§ AVAILABLE DATA:
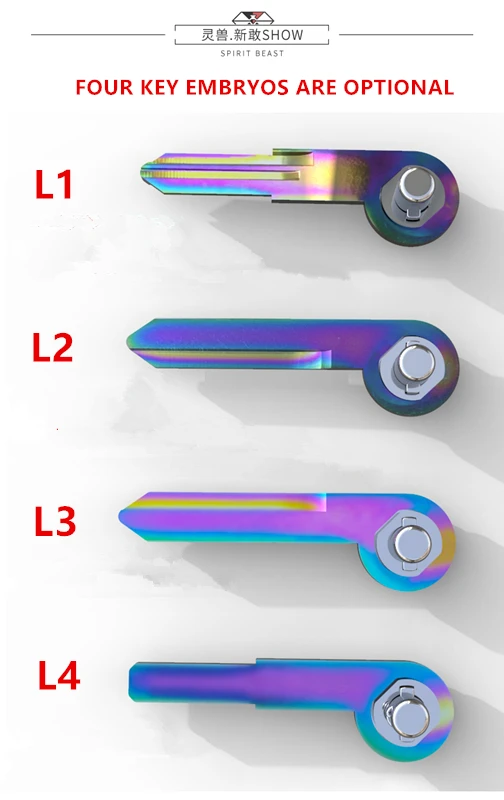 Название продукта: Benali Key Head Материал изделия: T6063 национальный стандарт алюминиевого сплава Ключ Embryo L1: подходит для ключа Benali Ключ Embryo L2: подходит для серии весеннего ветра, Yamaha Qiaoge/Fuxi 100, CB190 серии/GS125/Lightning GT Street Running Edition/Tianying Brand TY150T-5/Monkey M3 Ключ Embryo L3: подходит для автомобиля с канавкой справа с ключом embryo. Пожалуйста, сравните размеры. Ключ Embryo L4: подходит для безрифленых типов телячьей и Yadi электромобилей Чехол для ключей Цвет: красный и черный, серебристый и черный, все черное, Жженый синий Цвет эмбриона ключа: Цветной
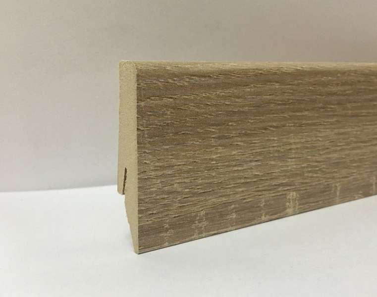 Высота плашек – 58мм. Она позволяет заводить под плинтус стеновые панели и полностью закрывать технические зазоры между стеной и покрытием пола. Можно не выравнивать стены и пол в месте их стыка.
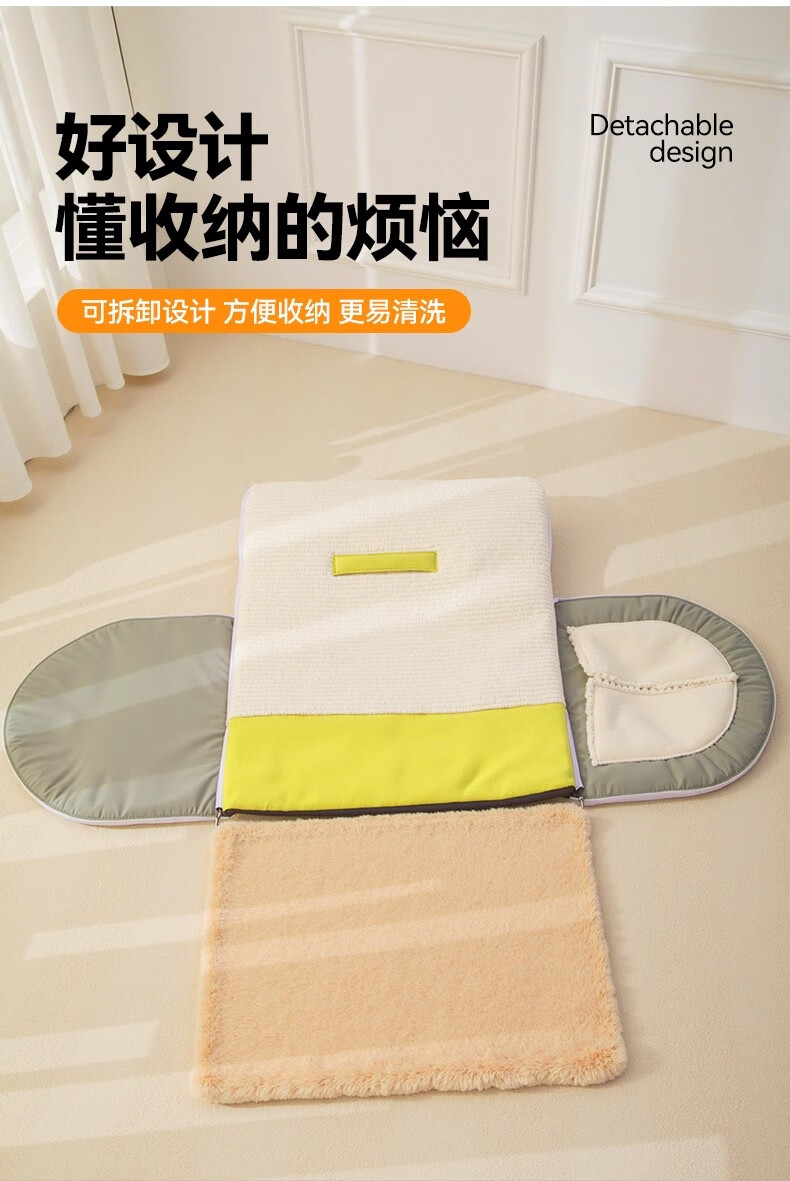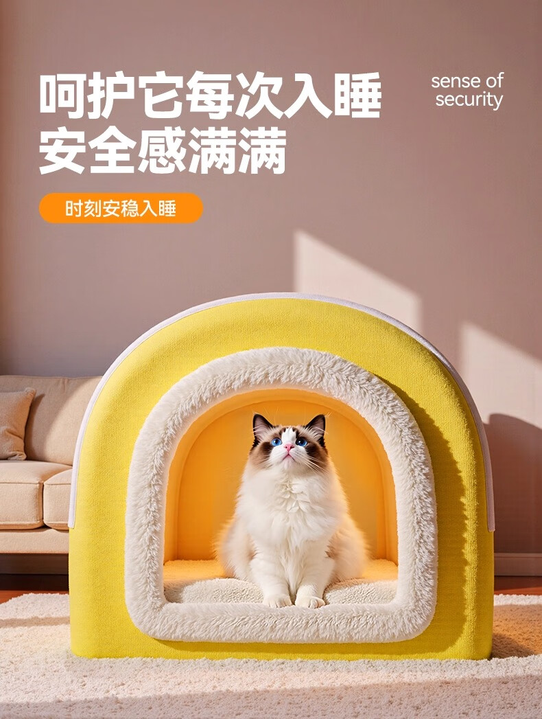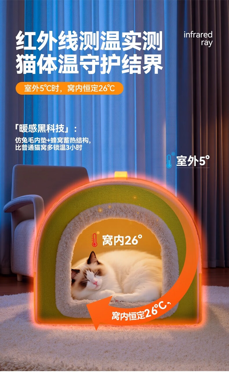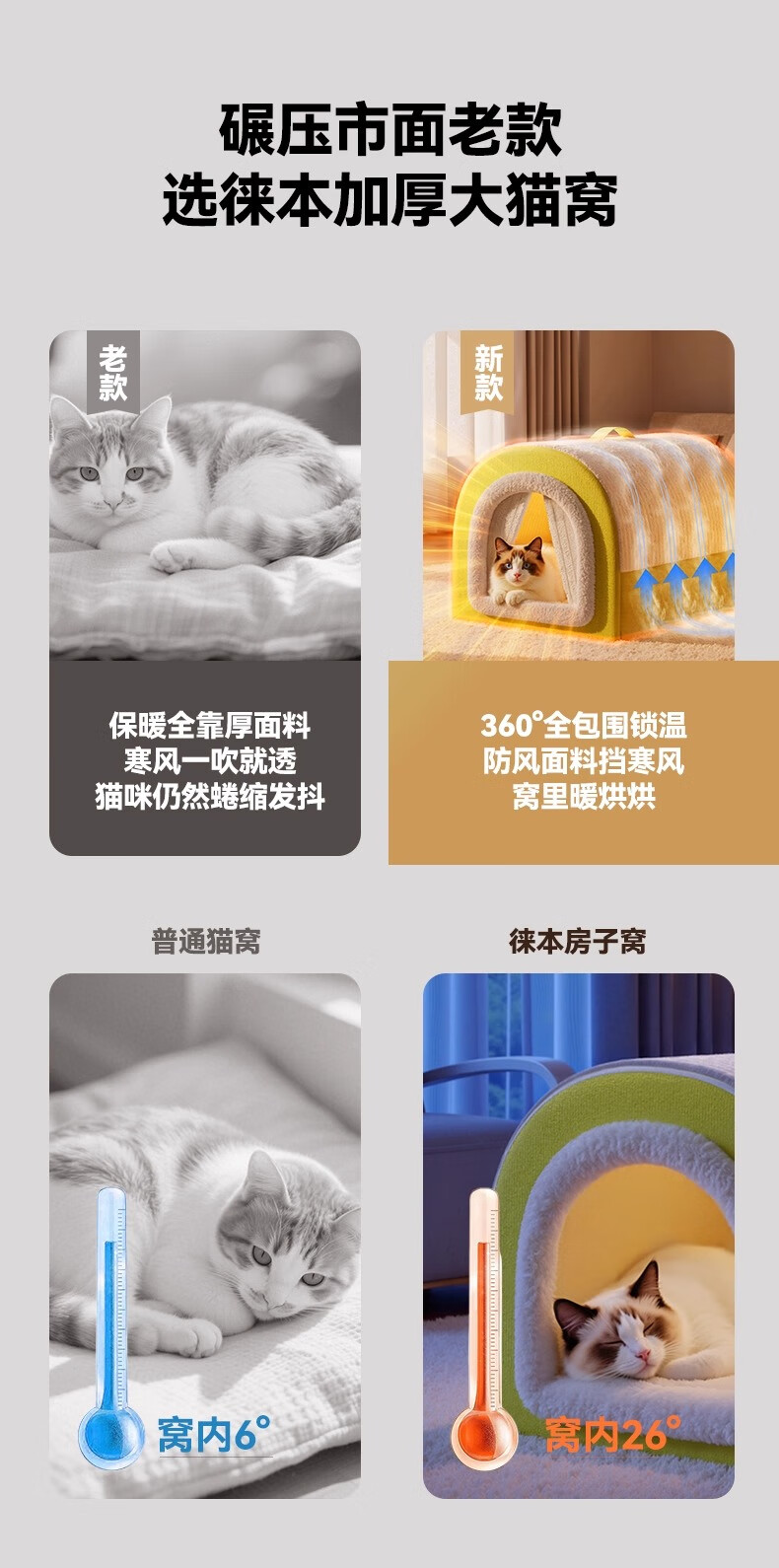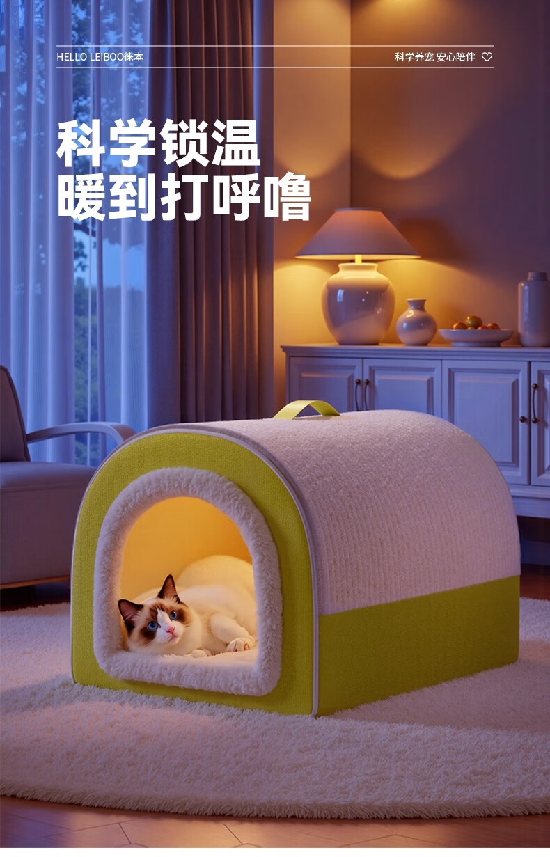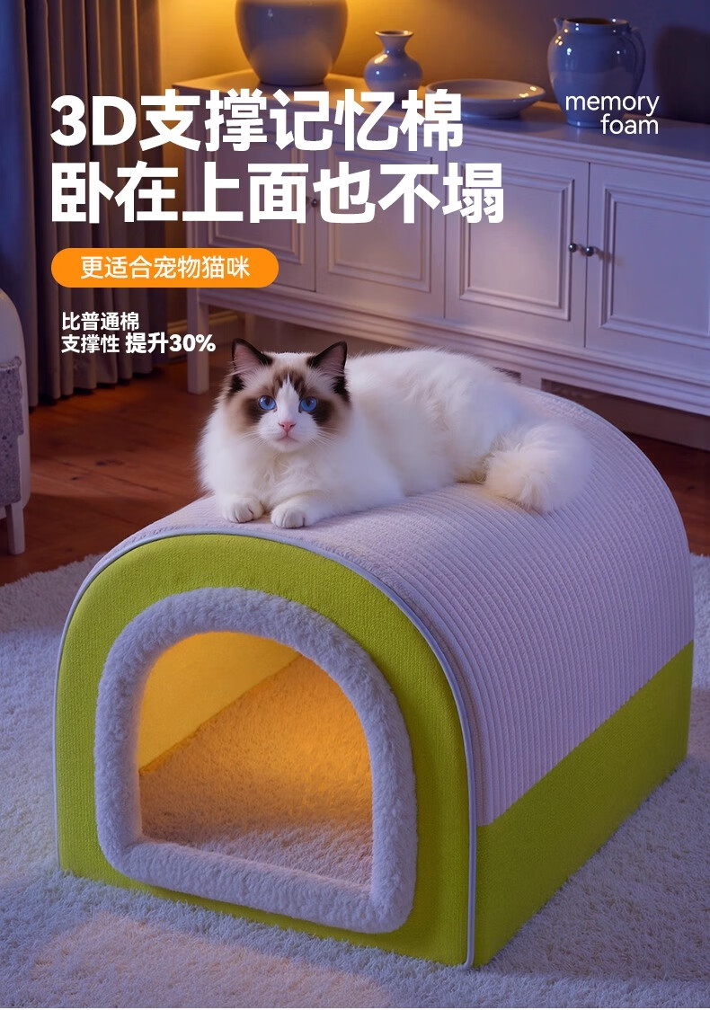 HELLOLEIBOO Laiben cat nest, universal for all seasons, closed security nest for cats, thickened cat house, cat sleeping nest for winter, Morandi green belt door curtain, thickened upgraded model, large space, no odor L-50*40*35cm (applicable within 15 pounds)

...

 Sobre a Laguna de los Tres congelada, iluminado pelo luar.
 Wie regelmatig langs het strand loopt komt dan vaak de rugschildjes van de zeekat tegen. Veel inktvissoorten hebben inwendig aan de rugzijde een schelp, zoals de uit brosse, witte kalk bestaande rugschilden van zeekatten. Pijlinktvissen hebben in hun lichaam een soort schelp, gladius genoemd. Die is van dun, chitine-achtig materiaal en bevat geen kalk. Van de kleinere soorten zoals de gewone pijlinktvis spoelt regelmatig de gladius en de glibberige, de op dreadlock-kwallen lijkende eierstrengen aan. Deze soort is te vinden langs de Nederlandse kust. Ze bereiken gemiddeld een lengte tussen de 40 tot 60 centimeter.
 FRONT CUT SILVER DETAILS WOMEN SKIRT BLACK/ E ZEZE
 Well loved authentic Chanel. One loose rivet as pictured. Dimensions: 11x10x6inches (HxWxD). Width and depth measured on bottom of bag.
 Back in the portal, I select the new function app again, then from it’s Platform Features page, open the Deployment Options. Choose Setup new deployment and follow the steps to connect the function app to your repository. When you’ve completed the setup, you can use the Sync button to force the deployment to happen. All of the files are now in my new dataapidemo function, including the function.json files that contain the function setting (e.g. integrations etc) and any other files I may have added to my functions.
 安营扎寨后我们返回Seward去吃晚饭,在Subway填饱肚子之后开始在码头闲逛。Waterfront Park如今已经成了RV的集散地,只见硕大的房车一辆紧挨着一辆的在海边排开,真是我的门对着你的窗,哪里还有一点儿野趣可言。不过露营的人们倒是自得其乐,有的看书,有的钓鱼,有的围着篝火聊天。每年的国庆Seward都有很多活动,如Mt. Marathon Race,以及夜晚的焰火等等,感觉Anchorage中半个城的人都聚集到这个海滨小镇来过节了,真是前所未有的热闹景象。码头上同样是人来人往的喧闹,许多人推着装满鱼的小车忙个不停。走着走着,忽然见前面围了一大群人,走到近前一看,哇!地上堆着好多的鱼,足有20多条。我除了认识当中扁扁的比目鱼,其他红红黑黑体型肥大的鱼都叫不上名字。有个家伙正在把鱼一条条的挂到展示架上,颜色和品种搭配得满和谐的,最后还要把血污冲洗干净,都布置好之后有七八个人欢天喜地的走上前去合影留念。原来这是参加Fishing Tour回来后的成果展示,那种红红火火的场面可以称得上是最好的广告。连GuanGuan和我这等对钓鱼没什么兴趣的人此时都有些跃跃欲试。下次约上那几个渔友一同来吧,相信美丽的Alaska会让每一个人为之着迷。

--

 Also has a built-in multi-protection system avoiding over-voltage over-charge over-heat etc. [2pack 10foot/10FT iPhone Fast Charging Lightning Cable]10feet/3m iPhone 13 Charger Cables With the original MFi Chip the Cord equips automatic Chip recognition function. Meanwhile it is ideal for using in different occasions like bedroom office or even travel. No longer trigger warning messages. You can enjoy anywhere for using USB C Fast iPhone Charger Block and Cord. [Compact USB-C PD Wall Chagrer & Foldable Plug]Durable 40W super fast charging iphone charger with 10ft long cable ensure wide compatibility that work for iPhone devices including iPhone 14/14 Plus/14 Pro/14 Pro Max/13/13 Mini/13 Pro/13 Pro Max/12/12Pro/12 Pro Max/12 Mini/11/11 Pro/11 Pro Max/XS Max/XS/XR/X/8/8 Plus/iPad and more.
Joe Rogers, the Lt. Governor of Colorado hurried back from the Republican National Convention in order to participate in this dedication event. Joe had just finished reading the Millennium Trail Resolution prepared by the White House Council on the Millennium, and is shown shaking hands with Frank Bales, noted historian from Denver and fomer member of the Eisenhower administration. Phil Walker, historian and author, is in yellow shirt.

§ ACTIVITY: Output the lines above between the one holding "Well loved authentic" and the one holding "Back in the", inclusive, with nothing before or after them.

§ EXERCISE RESULT:
 Well loved authentic Chanel. One loose rivet as pictured. Dimensions: 11x10x6inches (HxWxD). Width and depth measured on bottom of bag.
 Back in the portal, I select the new function app again, then from it’s Platform Features page, open the Deployment Options. Choose Setup new deployment and follow the steps to connect the function app to your repository. When you’ve completed the setup, you can use the Sync button to force the deployment to happen. All of the files are now in my new dataapidemo function, including the function.json files that contain the function setting (e.g. integrations etc) and any other files I may have added to my functions.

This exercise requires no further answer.